Fortunately, thanks to an incredible amount of foresight by staff and partners past and present, the City of Pembroke has kept up with grant cycles and gradually replaced much of its sewer system as it reached the end of its lifespan. There are lists of Community Development Block Grant awards documenting millions of dollars invested by the federal, state and local government. There are boxes of documents showing where hundreds of thousands of SPLOST dollars have been invested in stormwater and sewer infrastructure.

In fact, when I served on the last SPLOST committee and they wanted pictures of past projects I struggled to find SPLOST funded projects above ground to photograph!

Many cities sadly do not enjoy such progress. The reasons vary from lack of staffing to write applications, lack of funds to match and even lack of local contractors to implement projects. There is a great day of reckoning coming and the environmental response will cost more than the repairs and preventative maintenance that could have been done.

The City of Pembroke is currently undergoing the process of applying for a Community Development Block Grant to repair, replace and rehabilitate sewer lines in two neighborhoods.

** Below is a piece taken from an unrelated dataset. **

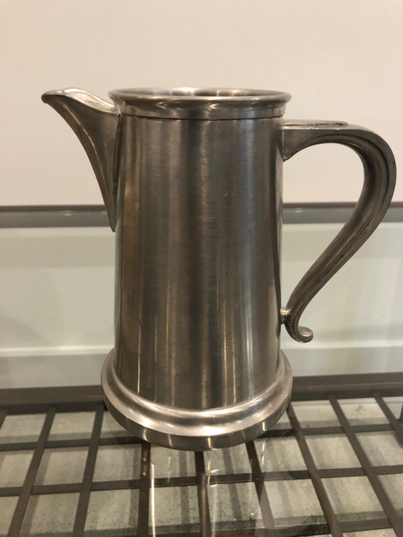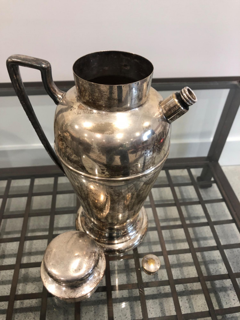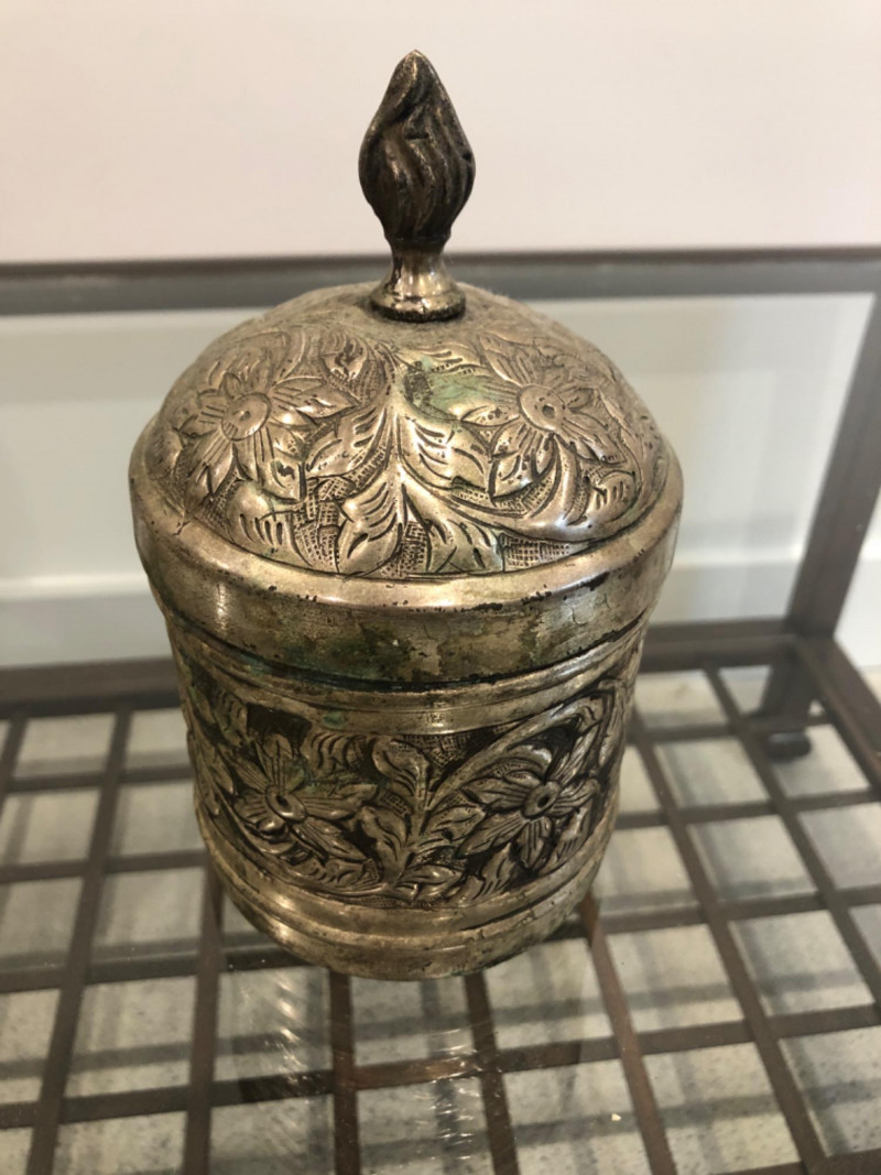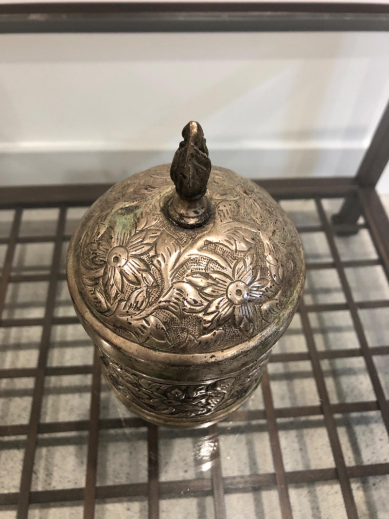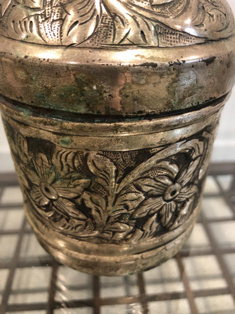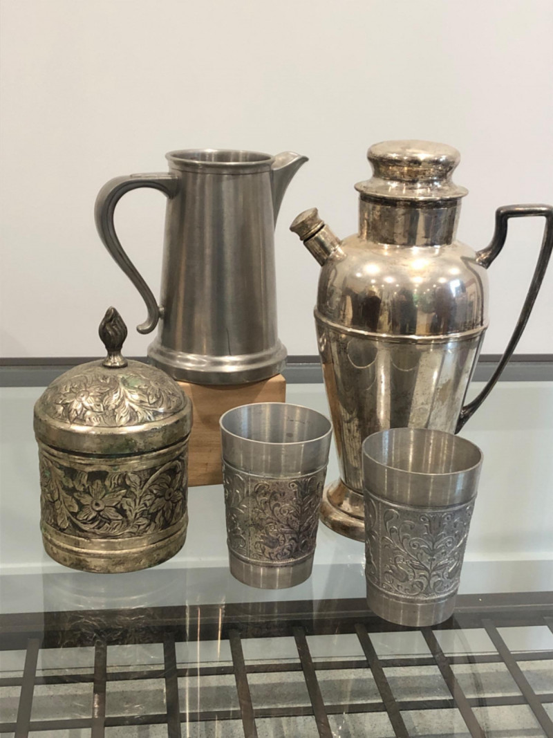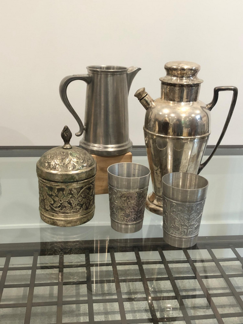 Collected grouping of five mixed-metal pieces including a tall cylindrical 1950's drink shaker (marked EPNS 301), a vintage pewter-style spouted jug with side handle, two etched metal cups, and an ornate lidded container marked “India” with raised floral motifs. Finishes range from bright polish to softly aged patina, giving the group textural variety and visual interest. A handsome shelf display or prop set for global, traditional, or industrial-inspired spaces. Dimensions: Drink Shaker - 11” H x 4” W Pewter Spouted & Handled Jug - 7” x 4.5 “ India Lidded Container - 6.5" H x 4" W Ornate Cups - 4” H x 3” W

West Burkhalter-Mikell- Butler Street and South Main-South College-East DuBois Streets (including F O Miller Village and Savage Creek Apartments). I’ve gathered surveys from most of these folks as documentation and am now collecting letters, work orders, EPD reports and other documentation of need. If awarded the $750,000, work will begin almost immediately. To everyone who has helped in this endeavor, you have my sincere thanks. Let’s pray together that funds are awarded, and you can receive the reliable utilities you deserve.

Finally, I want to thank the unsung heroes of Pembroke: the Water and Sewer Dept. Everybody wants to throw a picnic for a policeman (and they deserve every bit of it) but many look at the sewer dept. with upturned noses. These guys are what I call “field-engineers”. They may not know the trigonometry behind why something works but they know it does or does not. This does not mean however that their expertise is limited to shovels. With the dawning age of radio-read meters, tank monitors that send text messages and solar powered pumps, there is technology within the fence of our treatment plant that makes a police scanner look like an etch-a-sketch. Pembroke is extremely fortunate to have the people we have, many of whom could make thousands more in the rapidly growing private-public sector or in private development. So, thank you Keith Cook, Eddie Myers, Sam Stewart, DJ Driggers and Stephen Bacon from the bottom of my heart. You deserve this new system perhaps most of all.

Floyd is city administrator in Pembroke.